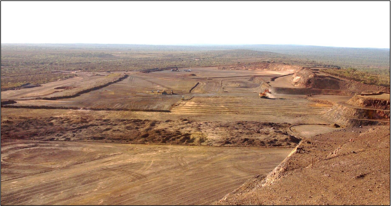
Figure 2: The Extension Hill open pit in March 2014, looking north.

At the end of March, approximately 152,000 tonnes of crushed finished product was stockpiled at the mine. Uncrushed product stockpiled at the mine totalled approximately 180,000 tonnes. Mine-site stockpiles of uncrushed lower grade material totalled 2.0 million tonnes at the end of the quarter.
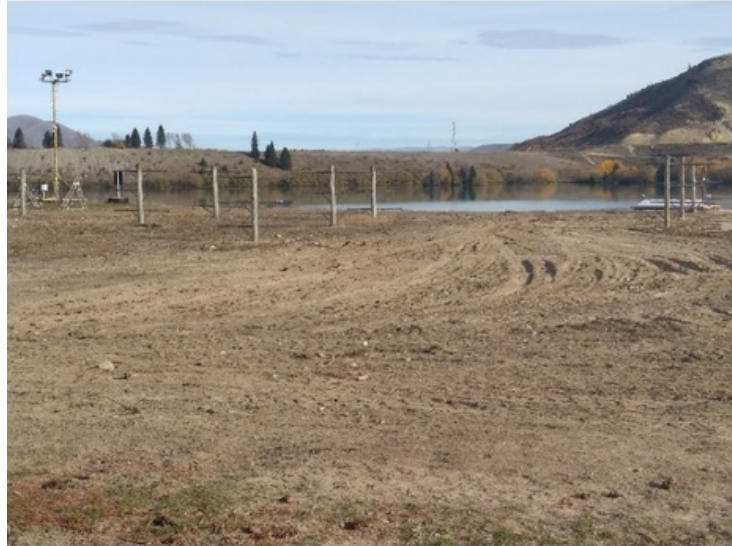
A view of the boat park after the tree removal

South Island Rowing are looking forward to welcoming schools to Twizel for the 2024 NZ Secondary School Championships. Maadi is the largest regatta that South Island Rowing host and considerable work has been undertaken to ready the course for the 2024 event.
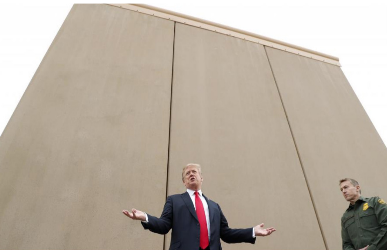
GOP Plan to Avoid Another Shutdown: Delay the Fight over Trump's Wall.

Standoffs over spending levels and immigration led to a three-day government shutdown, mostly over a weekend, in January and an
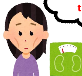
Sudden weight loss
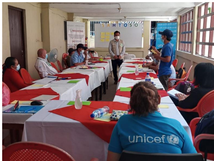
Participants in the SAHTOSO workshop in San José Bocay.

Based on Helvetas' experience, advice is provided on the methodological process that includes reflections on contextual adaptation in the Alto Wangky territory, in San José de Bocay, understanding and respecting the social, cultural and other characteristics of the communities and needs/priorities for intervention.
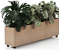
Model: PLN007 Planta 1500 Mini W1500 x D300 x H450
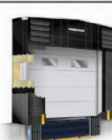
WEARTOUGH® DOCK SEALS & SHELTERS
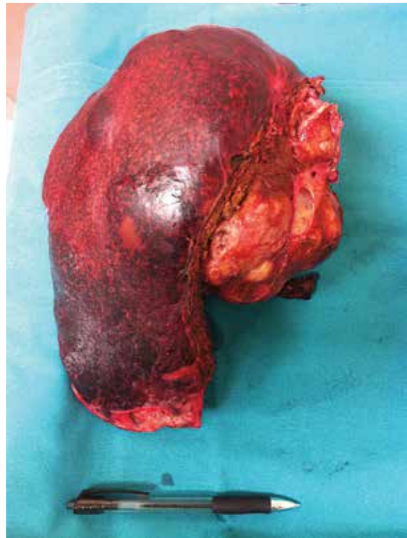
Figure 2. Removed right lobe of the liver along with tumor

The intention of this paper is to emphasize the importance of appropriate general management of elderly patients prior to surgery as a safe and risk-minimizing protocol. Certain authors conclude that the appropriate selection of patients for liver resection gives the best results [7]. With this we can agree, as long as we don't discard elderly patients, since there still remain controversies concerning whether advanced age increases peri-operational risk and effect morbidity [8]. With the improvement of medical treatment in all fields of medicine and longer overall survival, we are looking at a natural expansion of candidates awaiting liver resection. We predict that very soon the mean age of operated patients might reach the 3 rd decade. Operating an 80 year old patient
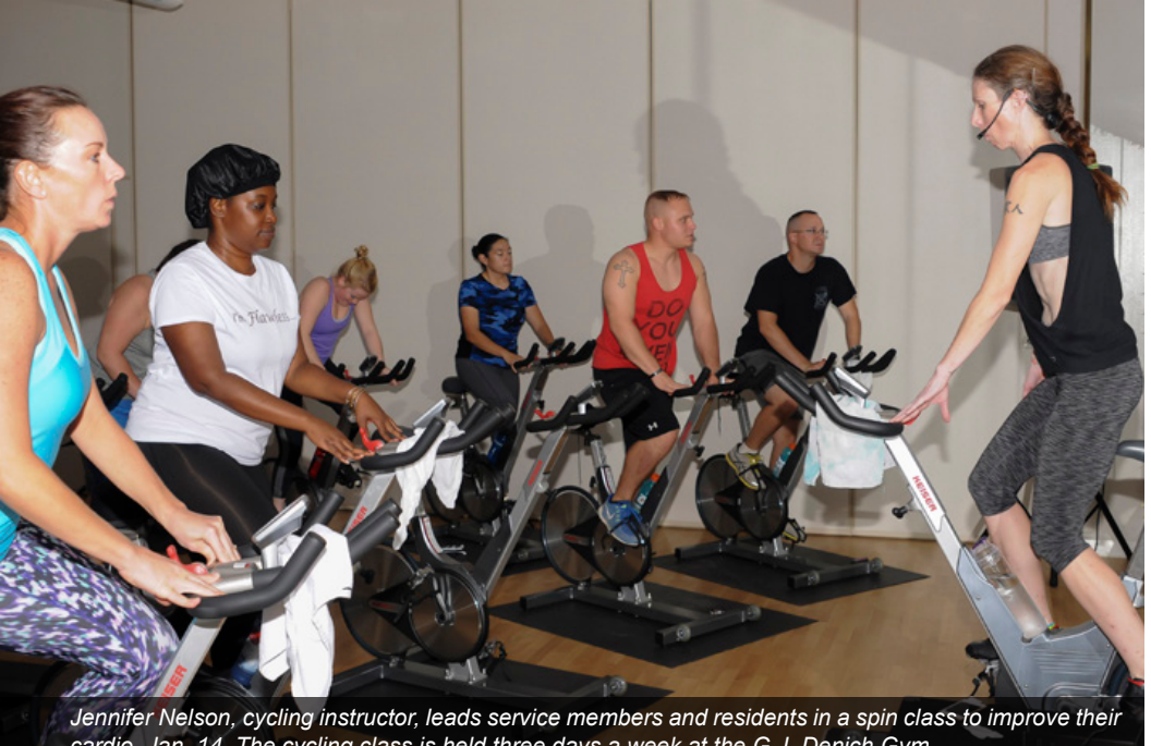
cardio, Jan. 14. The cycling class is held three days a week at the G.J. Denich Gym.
========================
Search the material for "Figure" and copy each matching line.

Figure 2: The Extension Hill open pit in March 2014, looking north.
Figure 2. Removed right lobe of the liver along with tumor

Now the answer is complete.